In our preliminary data section, we show that that dietary supplementation with the candidate probiotic
Bifidobacterium adolescentis alters the profile of serum cytokines, protects against fracture induced systemic
bone loss, increases fracture callus bone volume, and accelerates the healing sequelae. We therefore
hypothesize that the microbiome is a key regulator of secondary bone healing through the modulation of
systemic innate inflammatory signals, and that dietary supplementation with probiotics that modulate these
inflammatory signals may be used as therapeutic modalities to accelerate fracture healing.
While growing evidence points to beneficial effects of probiotics on skeletal homeostasis, their role in skeletal
repair and regeneration remains elusive. Here we propose to first compare fracture healing rates between germ-
free and conventional mice, and to determine whether this will be influenced by colonization with aged-
microbiome (Aim 1). The current dogma posits that the gut microbiota regulates bone mass through mechanisms
involving shifts in inflammatory cell populations and their respective cytokines as well as through maintenance
of the intestinal barrier. In the second Aim or this proposal, we will establish the relevance of the gut microbiota
to induce changes in the gut leakiness responsible for exacerbated inflammation observed during aging and in
the context of traumatic bone healing.
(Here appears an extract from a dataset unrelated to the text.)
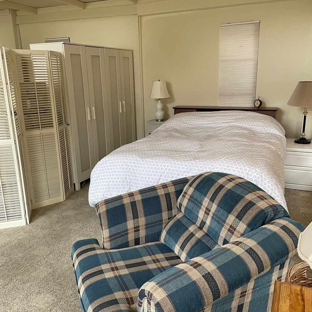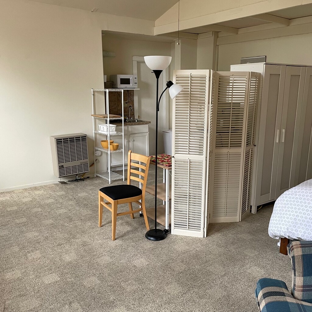 Private furnished studio located in the historic west side of Petaluma. Short distance to downtown or a country excursion. Ample natural light, vaulted ceiling, new paint. On-site laundry and deck with a garden view. Has kitchenette with refrigerator, air fryer/toaster oven, hotplate burners (no stove). Must have good credit and satisfy background checks, employment verification and income requirements. Favorable references are required from past two landlords and employers. Require proof of Renters Insurance. No smoking, No co-signers, No pets.

Thus, we will establish the therapeutic efficacy of probiotic manipulation
of the gut microbiome for accelerated secondary bone fracture repair in aged mice (Aim 2).
Discovering specific bacterial taxa within the intestine that accelerate bone healing will be essential information
for the characterization of a eubiotic microbiome that may elicit optimal fracture repair rates. Moreover, this
information will enable the development of therapeutic approaches whereby the identification of gut microbial
obstructions to fracture healing within ...

## Key facts

- **NIH application ID:** 9875570
- **Project number:** 1R21AG065977-01
- **Recipient organization:** EMORY UNIVERSITY
- **Principal Investigator:** Moulay Hicham DRISSI
- **Activity code:** R21 (R01, R21, SBIR, etc.)
- **Funding institute:** NIH
- **Fiscal year:** 2020
- **Award amount:** $230,620
- **Award type:** 1
- **Project period:** 2020-01-01 → 2021-11-30

## Primary source

NIH RePORTER: https://reporter.nih.gov/project-details/9875570

## Citation

> US National Institutes of Health, RePORTER application 9875570, Influence of the gut microbiome on normal and senile fracture healing (1R21AG065977-01). Retrieved via AI Analytics 2026-05-24 from https://api.ai-analytics.org/grant/nih/9875570. Licensed CC0.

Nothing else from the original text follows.